**Exercise aim**
Whatever appears in the records apart from pictures must be reproduced exactly.

******************************

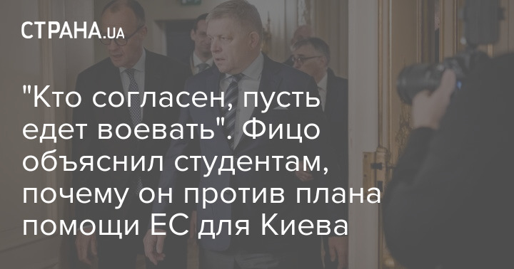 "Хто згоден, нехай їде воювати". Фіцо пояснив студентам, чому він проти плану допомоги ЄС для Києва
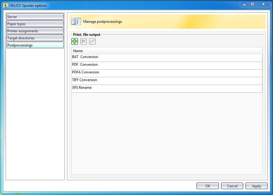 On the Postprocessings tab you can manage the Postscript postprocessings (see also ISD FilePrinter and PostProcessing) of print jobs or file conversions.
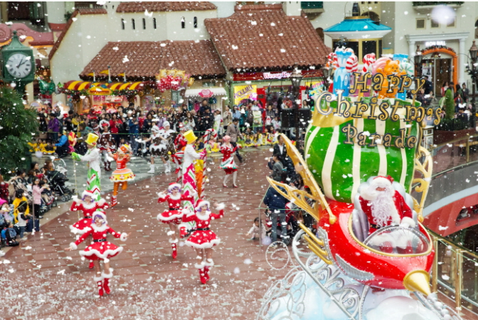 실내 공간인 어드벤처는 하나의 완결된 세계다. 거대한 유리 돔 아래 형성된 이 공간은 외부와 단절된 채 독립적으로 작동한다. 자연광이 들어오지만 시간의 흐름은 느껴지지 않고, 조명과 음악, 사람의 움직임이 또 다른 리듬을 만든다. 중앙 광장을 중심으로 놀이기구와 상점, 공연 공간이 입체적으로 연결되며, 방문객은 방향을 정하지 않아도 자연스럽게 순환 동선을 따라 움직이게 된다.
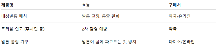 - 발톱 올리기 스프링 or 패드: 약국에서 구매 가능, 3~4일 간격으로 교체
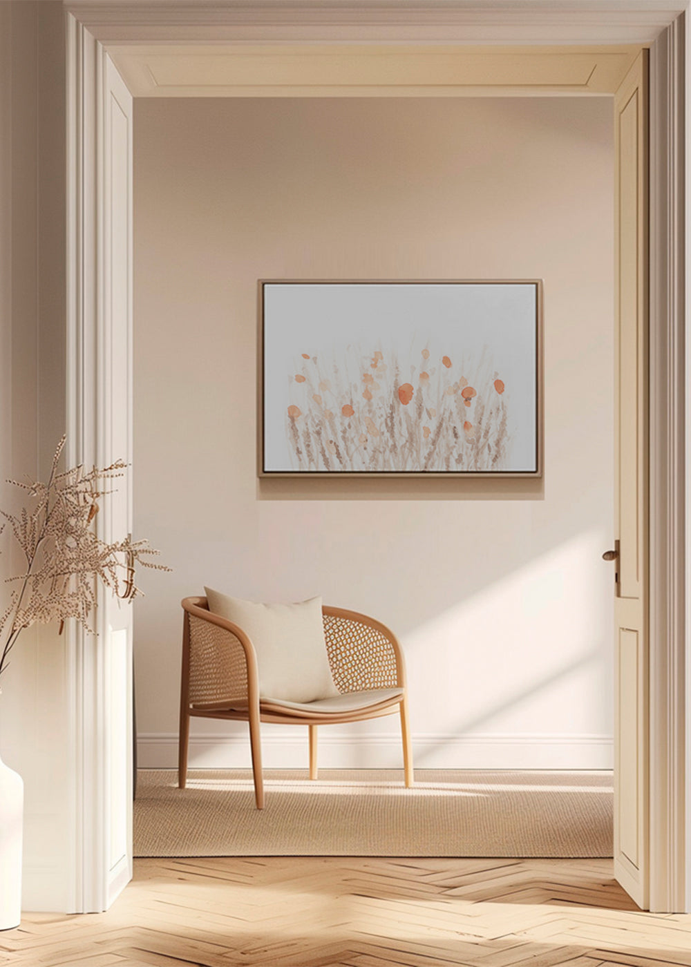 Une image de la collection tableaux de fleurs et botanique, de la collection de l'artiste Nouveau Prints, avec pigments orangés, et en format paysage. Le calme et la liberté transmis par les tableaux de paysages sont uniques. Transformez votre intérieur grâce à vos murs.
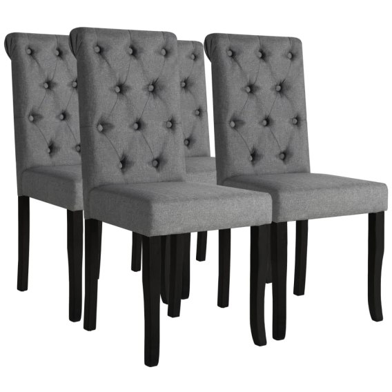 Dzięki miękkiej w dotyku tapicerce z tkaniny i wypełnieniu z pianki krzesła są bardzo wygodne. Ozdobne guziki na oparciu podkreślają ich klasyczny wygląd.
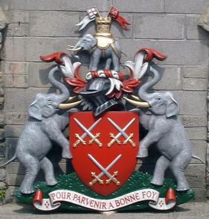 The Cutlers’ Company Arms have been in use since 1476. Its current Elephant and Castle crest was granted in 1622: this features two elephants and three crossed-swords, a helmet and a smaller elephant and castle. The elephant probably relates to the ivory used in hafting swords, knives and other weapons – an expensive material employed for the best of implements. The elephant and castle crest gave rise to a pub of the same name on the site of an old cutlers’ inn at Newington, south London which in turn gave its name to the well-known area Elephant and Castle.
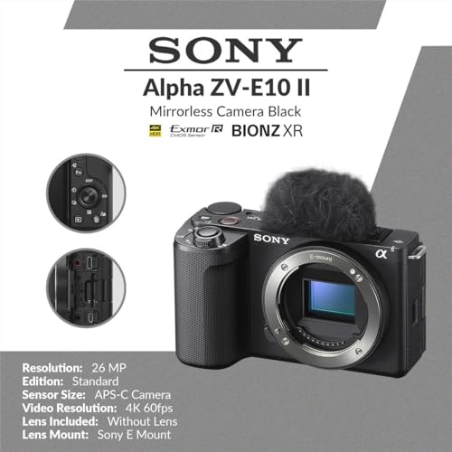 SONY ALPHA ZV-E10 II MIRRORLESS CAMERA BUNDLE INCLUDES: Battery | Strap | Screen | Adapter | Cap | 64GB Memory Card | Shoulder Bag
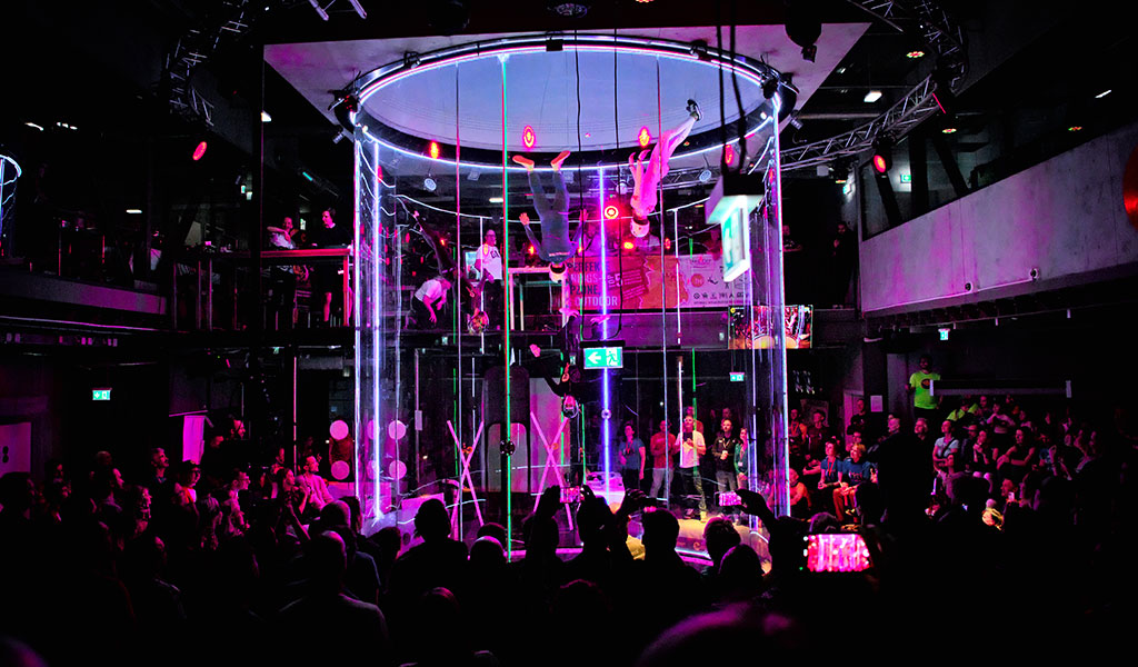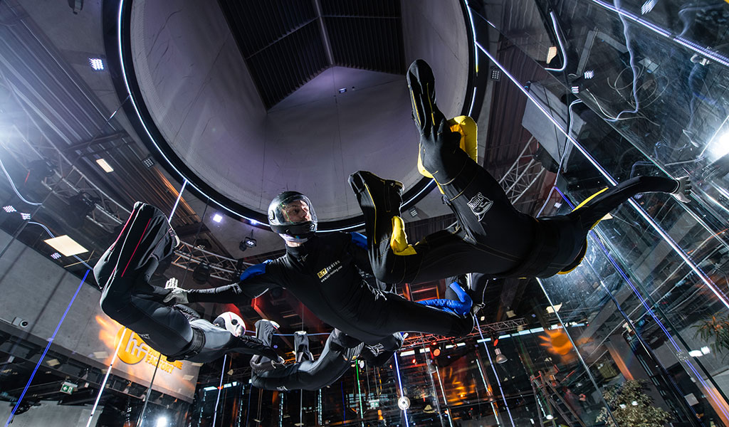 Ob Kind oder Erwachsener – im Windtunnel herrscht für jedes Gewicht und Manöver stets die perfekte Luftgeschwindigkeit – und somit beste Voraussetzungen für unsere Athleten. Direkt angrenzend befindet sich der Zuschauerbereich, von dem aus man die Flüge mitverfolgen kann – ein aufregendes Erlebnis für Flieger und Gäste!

******************************

**Solved exercise**
 "Хто згоден, нехай їде воювати". Фіцо пояснив студентам, чому він проти плану допомоги ЄС для Києва
 On the Postprocessings tab you can manage the Postscript postprocessings (see also ISD FilePrinter and PostProcessing) of print jobs or file conversions.
 실내 공간인 어드벤처는 하나의 완결된 세계다. 거대한 유리 돔 아래 형성된 이 공간은 외부와 단절된 채 독립적으로 작동한다. 자연광이 들어오지만 시간의 흐름은 느껴지지 않고, 조명과 음악, 사람의 움직임이 또 다른 리듬을 만든다. 중앙 광장을 중심으로 놀이기구와 상점, 공연 공간이 입체적으로 연결되며, 방문객은 방향을 정하지 않아도 자연스럽게 순환 동선을 따라 움직이게 된다.
 - 발톱 올리기 스프링 or 패드: 약국에서 구매 가능, 3~4일 간격으로 교체
 Une image de la collection tableaux de fleurs et botanique, de la collection de l'artiste Nouveau Prints, avec pigments orangés, et en format paysage. Le calme et la liberté transmis par les tableaux de paysages sont uniques. Transformez votre intérieur grâce à vos murs.
 Dzięki miękkiej w dotyku tapicerce z tkaniny i wypełnieniu z pianki krzesła są bardzo wygodne. Ozdobne guziki na oparciu podkreślają ich klasyczny wygląd.
 The Cutlers’ Company Arms have been in use since 1476. Its current Elephant and Castle crest was granted in 1622: this features two elephants and three crossed-swords, a helmet and a smaller elephant and castle. The elephant probably relates to the ivory used in hafting swords, knives and other weapons – an expensive material employed for the best of implements. The elephant and castle crest gave rise to a pub of the same name on the site of an old cutlers’ inn at Newington, south London which in turn gave its name to the well-known area Elephant and Castle.
 SONY ALPHA ZV-E10 II MIRRORLESS CAMERA BUNDLE INCLUDES: Battery | Strap | Screen | Adapter | Cap | 64GB Memory Card | Shoulder Bag
 Ob Kind oder Erwachsener – im Windtunnel herrscht für jedes Gewicht und Manöver stets die perfekte Luftgeschwindigkeit – und somit beste Voraussetzungen für unsere Athleten. Direkt angrenzend befindet sich der Zuschauerbereich, von dem aus man die Flüge mitverfolgen kann – ein aufregendes Erlebnis für Flieger und Gäste!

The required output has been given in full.